Wednesday 13 November 2013

Desert Island Discs

1.  Dayvan Cowboy - Boards of Canada

Few songs are truly epic.  On a day like this by Elbow isn't epic, but Davyan Cowboy is.  BoC write music for the films that were never made - most of their songs have an air of foreboding, like the soundtrack to a Hopper painting, but Dayvan Cowboy is one of the few that are uplifting.  I like to think that it was the music going through Felix Baumgartner's head when he made his jump from space.


2.  Waterloo Sunset - The Kinks

Reminds me of my parents, who met in London in the late 1960s.  I hope that they met at Waterloo station on at least one occasion and I hope they walked across Waterloo bridge together, arm in arm, listening to the Kinks.


3.  3 Hours - Nick Drake


His only song with a personal friend named in the lyrics (Jeremy, who I think was a friend from Marlborough).  Voice and guitar have been done to death but Nick Drake makes voice and guitar sound like this is how it should be done.  You feel like you've already heard the songs, you feel like you know where they are going and you get a strong sense of the kind of person he was - quiet, introverted and sad.  A man not for this world.


4.  Clash - Caravan Palace


If you could be a member of any band in the world, wouldn't it be this one?  The nearest thing any of us will get to the soundtrack of the hedonistic 20s.  I like the fact that Baz Luhrmann went for the obvious choice of Jay-Z for his overblown Gatsby re-make.  Caravan Palace have a bit too much class for that.


5.  The Age of the Understatement - The Last Shadow Puppets


Arctic Monkeys meets David Bowie, and what's not to like about that?  It's the music I think Alex Turner would produce more of were he a solo artist, it's got a touch of the epic about it, a very silly cold war video and one the best titles.  We live in an age of perpetual over-statement, at least where social media is concerned, and I think I wish that the title were an adequate description of Britain today.


6.  Requium - Mozart


Ok, it's a bit like choosing 'Catcher in the Rye' as your favourite book, and it looks like it's making a rather obvious nod to all things classical, but try watching Amadeus as a ten-year old and not being taken with the Confutatis Maledictis.  It's even better than Falco.

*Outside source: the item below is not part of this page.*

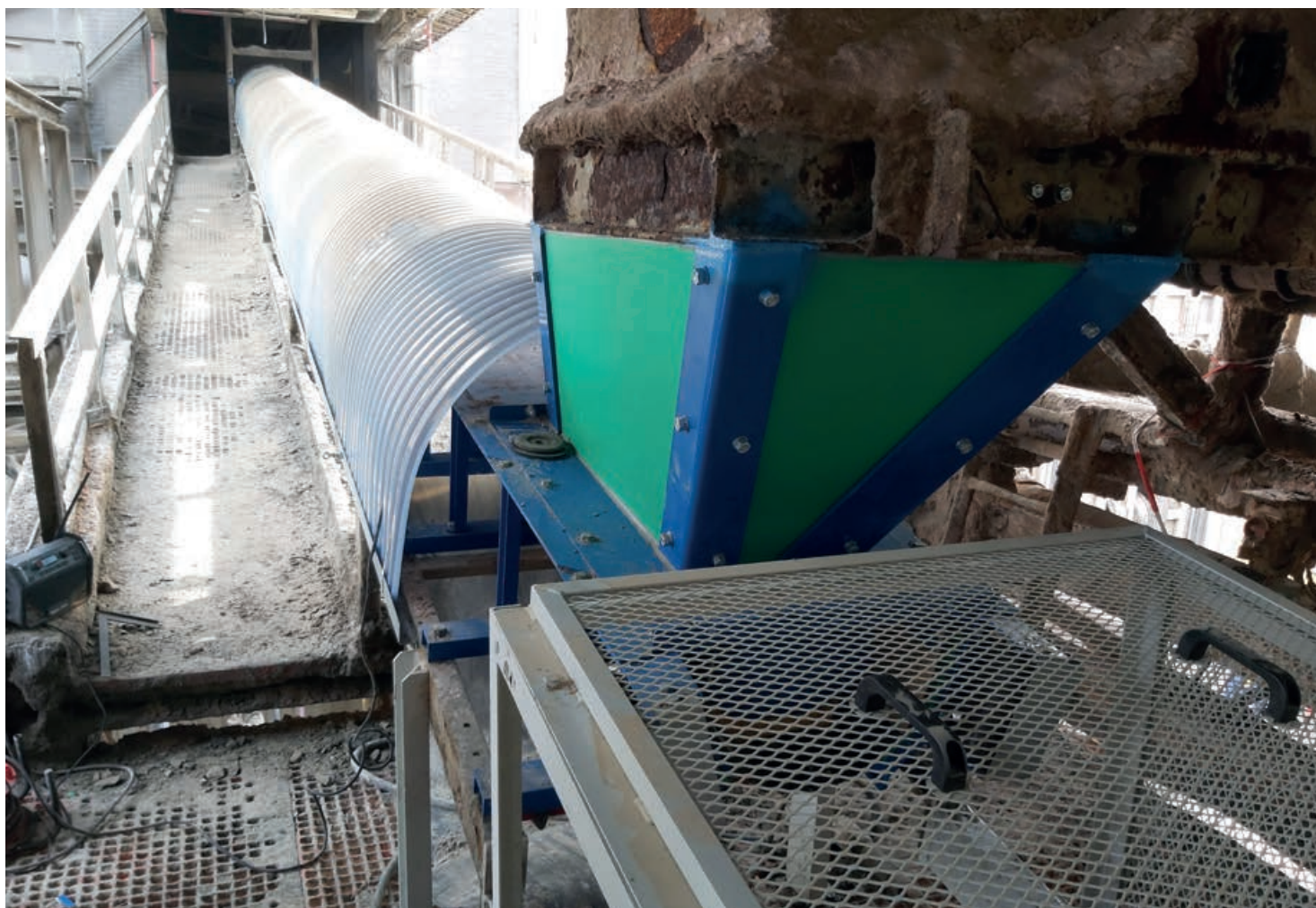
Afb. 1 De Promati Proload bandoverstort voorkomt mors

ICL Fertilizers bevindt zich in de haven van Amsterdam en kampte met een morsende transportlijn voor fosfaatkorrels die overlast veroorzaakte. De korrels koekten vast aan de installatie, waardoor overmatige slijtage optrad. Ook raakte de werkvloer sterk vervuild, waardoor deze frequent geveegd en gereinigd moest worden.

7.  King of Carrot Flowers - Neutral Milk Hotel


Reminds me of my favourite person - musically spare, mostly lyrical nonsense but these two things some together to make something that is beautiful, and seems profound, even though it's probably not.


8.  Entertainment - Phoenix


A band that makes you feel like you know them.  They don't try too hard to make perfect pop music and their 'Take Away' set of videos for La Blogoteque is the best thing you'll see on youtube.


9.  Sugar Kane - Sonic Youth


A song that you notice more things about the more you listen, musical arrangement-wise.  It's about Marilyn Monroe's character in Some Like it Hot and I think she'd have liked the overall feel.


10.  A day in the Life - The Beatles


Ahead of its time.  Lennon's finest hour.  Meaningless and sad.